EXERCISE INSTRUCTIONS: Everything in the data except the pictures belongs in your answer, copied exactly.

DATA:
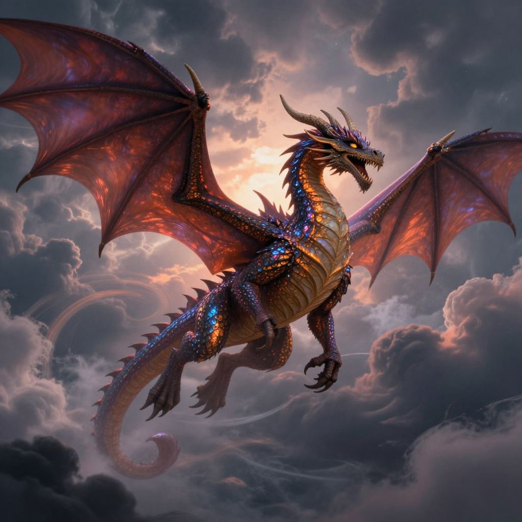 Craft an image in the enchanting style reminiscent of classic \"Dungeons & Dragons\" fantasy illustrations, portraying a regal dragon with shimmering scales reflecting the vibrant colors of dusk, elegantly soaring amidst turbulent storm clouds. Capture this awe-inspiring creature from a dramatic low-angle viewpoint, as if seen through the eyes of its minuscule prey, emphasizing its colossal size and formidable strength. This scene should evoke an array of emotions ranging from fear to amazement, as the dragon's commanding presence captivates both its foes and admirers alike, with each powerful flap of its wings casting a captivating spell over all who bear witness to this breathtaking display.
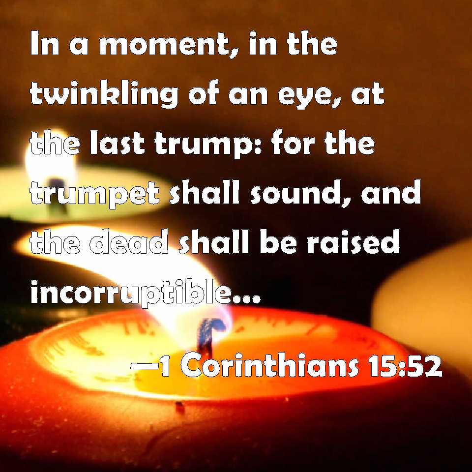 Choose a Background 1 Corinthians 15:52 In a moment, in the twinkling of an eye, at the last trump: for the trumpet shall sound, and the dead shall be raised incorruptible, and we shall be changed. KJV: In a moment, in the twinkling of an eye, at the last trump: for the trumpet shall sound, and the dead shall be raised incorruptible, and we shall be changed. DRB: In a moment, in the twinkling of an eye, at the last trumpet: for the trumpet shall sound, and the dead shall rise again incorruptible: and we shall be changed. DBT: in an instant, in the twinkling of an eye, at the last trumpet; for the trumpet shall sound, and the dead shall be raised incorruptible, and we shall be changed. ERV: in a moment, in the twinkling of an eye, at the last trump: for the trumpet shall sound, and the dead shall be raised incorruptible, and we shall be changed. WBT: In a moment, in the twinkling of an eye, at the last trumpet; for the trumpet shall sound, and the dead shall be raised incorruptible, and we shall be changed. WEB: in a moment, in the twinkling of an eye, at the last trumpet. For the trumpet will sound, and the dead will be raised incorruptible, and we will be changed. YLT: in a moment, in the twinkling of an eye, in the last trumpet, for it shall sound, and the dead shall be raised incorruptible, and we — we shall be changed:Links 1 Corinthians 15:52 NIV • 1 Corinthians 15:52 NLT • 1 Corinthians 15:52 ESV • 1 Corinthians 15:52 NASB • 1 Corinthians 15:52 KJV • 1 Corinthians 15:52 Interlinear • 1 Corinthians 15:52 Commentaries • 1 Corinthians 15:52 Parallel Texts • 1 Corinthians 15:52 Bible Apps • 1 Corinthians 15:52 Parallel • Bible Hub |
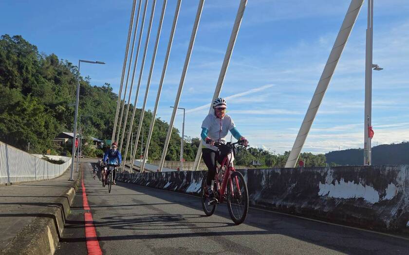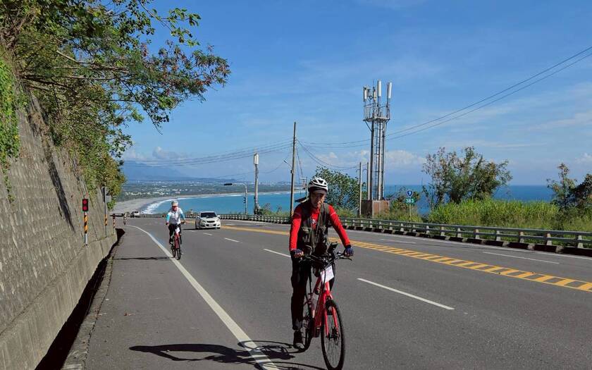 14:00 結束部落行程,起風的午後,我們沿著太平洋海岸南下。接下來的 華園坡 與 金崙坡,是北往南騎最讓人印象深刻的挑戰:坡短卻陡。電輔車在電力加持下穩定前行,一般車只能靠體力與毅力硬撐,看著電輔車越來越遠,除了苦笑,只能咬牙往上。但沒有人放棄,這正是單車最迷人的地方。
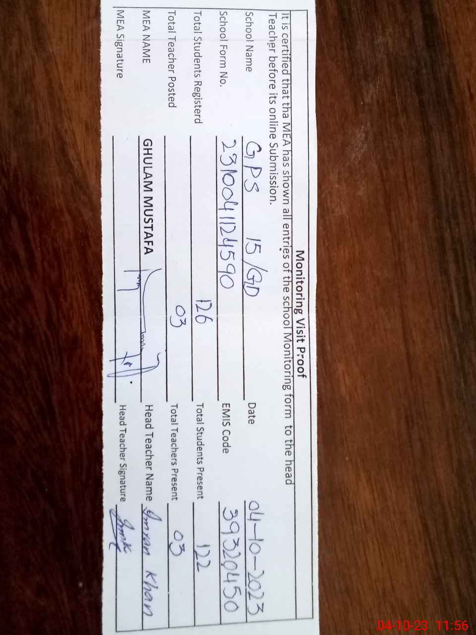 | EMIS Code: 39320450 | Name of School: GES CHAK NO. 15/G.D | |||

OUTPUT OF THE TASK:
 Craft an image in the enchanting style reminiscent of classic \"Dungeons & Dragons\" fantasy illustrations, portraying a regal dragon with shimmering scales reflecting the vibrant colors of dusk, elegantly soaring amidst turbulent storm clouds. Capture this awe-inspiring creature from a dramatic low-angle viewpoint, as if seen through the eyes of its minuscule prey, emphasizing its colossal size and formidable strength. This scene should evoke an array of emotions ranging from fear to amazement, as the dragon's commanding presence captivates both its foes and admirers alike, with each powerful flap of its wings casting a captivating spell over all who bear witness to this breathtaking display.
 Choose a Background 1 Corinthians 15:52 In a moment, in the twinkling of an eye, at the last trump: for the trumpet shall sound, and the dead shall be raised incorruptible, and we shall be changed. KJV: In a moment, in the twinkling of an eye, at the last trump: for the trumpet shall sound, and the dead shall be raised incorruptible, and we shall be changed. DRB: In a moment, in the twinkling of an eye, at the last trumpet: for the trumpet shall sound, and the dead shall rise again incorruptible: and we shall be changed. DBT: in an instant, in the twinkling of an eye, at the last trumpet; for the trumpet shall sound, and the dead shall be raised incorruptible, and we shall be changed. ERV: in a moment, in the twinkling of an eye, at the last trump: for the trumpet shall sound, and the dead shall be raised incorruptible, and we shall be changed. WBT: In a moment, in the twinkling of an eye, at the last trumpet; for the trumpet shall sound, and the dead shall be raised incorruptible, and we shall be changed. WEB: in a moment, in the twinkling of an eye, at the last trumpet. For the trumpet will sound, and the dead will be raised incorruptible, and we will be changed. YLT: in a moment, in the twinkling of an eye, in the last trumpet, for it shall sound, and the dead shall be raised incorruptible, and we — we shall be changed:Links 1 Corinthians 15:52 NIV • 1 Corinthians 15:52 NLT • 1 Corinthians 15:52 ESV • 1 Corinthians 15:52 NASB • 1 Corinthians 15:52 KJV • 1 Corinthians 15:52 Interlinear • 1 Corinthians 15:52 Commentaries • 1 Corinthians 15:52 Parallel Texts • 1 Corinthians 15:52 Bible Apps • 1 Corinthians 15:52 Parallel • Bible Hub |
 14:00 結束部落行程,起風的午後,我們沿著太平洋海岸南下。接下來的 華園坡 與 金崙坡,是北往南騎最讓人印象深刻的挑戰:坡短卻陡。電輔車在電力加持下穩定前行,一般車只能靠體力與毅力硬撐,看著電輔車越來越遠,除了苦笑,只能咬牙往上。但沒有人放棄,這正是單車最迷人的地方。
 | EMIS Code: 39320450 | Name of School: GES CHAK NO. 15/G.D | |||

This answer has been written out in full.